Yes, the current Royal Ballet production, by Liam Scarlett, looks fabulous. Marianela Nunez and Vadim Muntagirov's partnership goes from strength to strength.


----------



## Rogerx

Unforgettable


----------



## melodies

*The very best I've seen...
*


----------



## DavidA

Watched this recently. You just have to gasp at the dancing! And if you enjoy tragedy this has it in spades.


----------



## jegreenwood

I saw the NYCB version on Sunday. Comments in the attending ballet thread.


----------



## JAS

They only do a set of selection, but Les Ballets Trockadero are worth seeing in their Swan Lake. Great art can withstand satire, plus in this case it is a kind of affectionate satire.


----------



## mbhaub

Not a satire, but something quite far from Tchaikovsky's conception:Gay Swan Lake


----------



## Guest

mbhaub said:


> Not a satire, but something quite far from Tchaikovsky's conception:Gay Swan Lake


I regard this as a culture war piece and not related to Tchaikovsky. Ergo, 'quite far from PIT's conception' and best left out of this discussion lest it offends. I'm personally offended by it.


----------



## Autumn Leaves

This 1969 Kirov Ballet version, I think, is definitely worth checking out, despite the cuts.


----------



## Marsilius

Christabel said:


> I regard this as a culture war piece and not related to Tchaikovsky...
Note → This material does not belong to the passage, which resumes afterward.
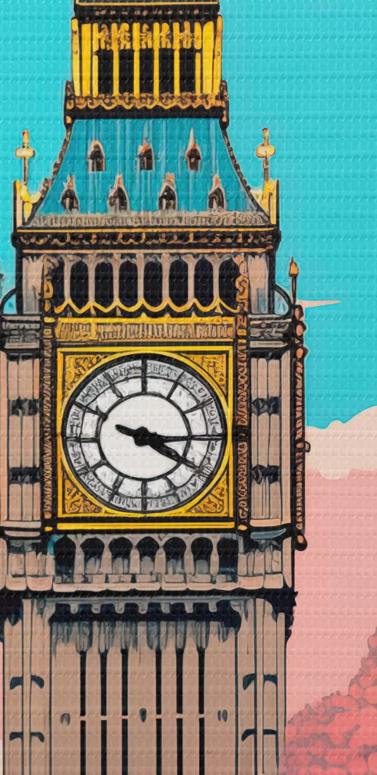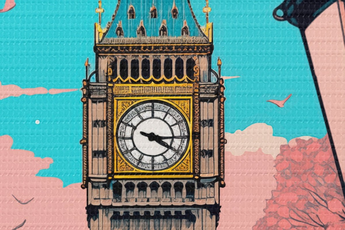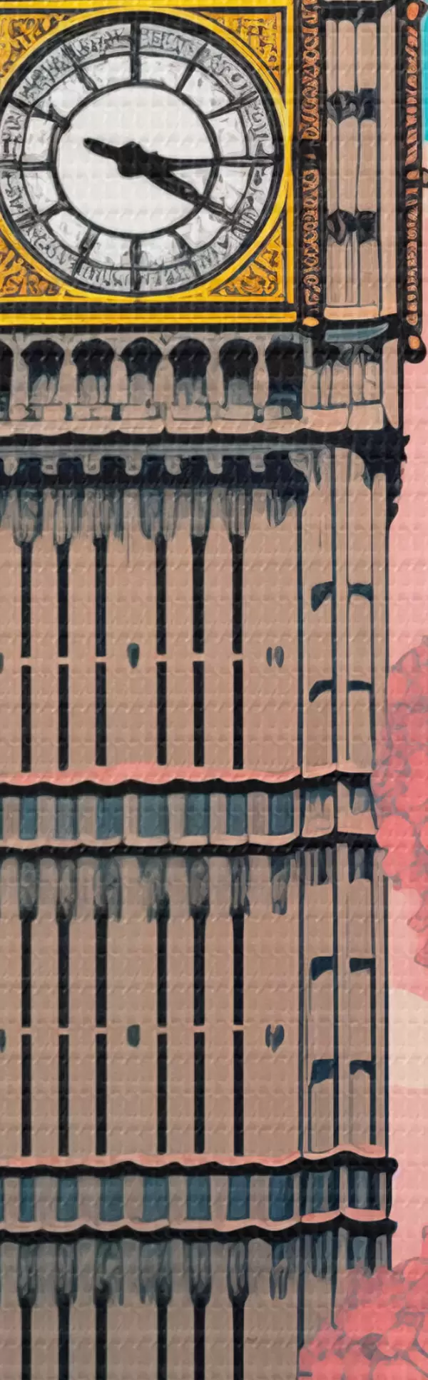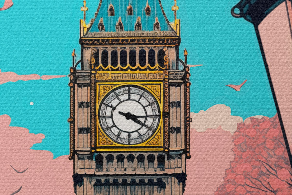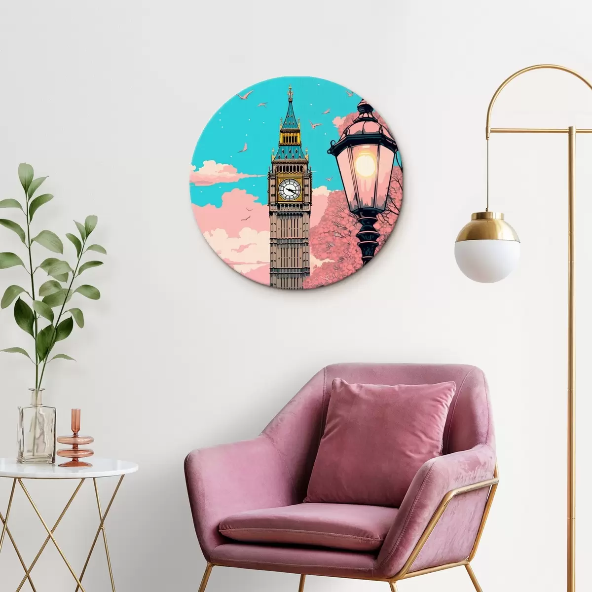 Picturi rotunde O vedere a Big Ben cu copaci roz de primăvară, un cer albastru strălucitor și un felinar de epocă în prim-plan Nr r42578

Apart from the fact that... duhhh... it is set to Tchaikovsky's score.


----------



## JohnHunter84

It was the first ballet I have seen. And it was really a wonderful, I think that's where our "romance" with ballet began, because it's love at first sight. All this drama, smooth lines, the best music. my wife even cried.Super.


----------



## MAS

I love *Swan Lake* in all of its incarnations, whether _legit_, the Ballet Trocadero, or Matthew Bourne's reimagining. The Trocadero dancers are astonishing; satire or no, they dance extremely well. I wouldn't call it "Gay Swan Lake," they stick to the story, and there are only a few moments of camp, mostly for laughs (the falling of feathers on The Swan, for instance). You wouldn't know the ballerinas were boys, unless you knew in advance so good are they.


----------



## Guest

Marsilius said:


> Apart from the fact that... duhhh... it is set to Tchaikovsky's score.


My grandchildren dance to Tchaikovsky; does this mean it's legitimate ballet because he wrote the music?


----------



## Guest

This is taking ballet just a bit too far!!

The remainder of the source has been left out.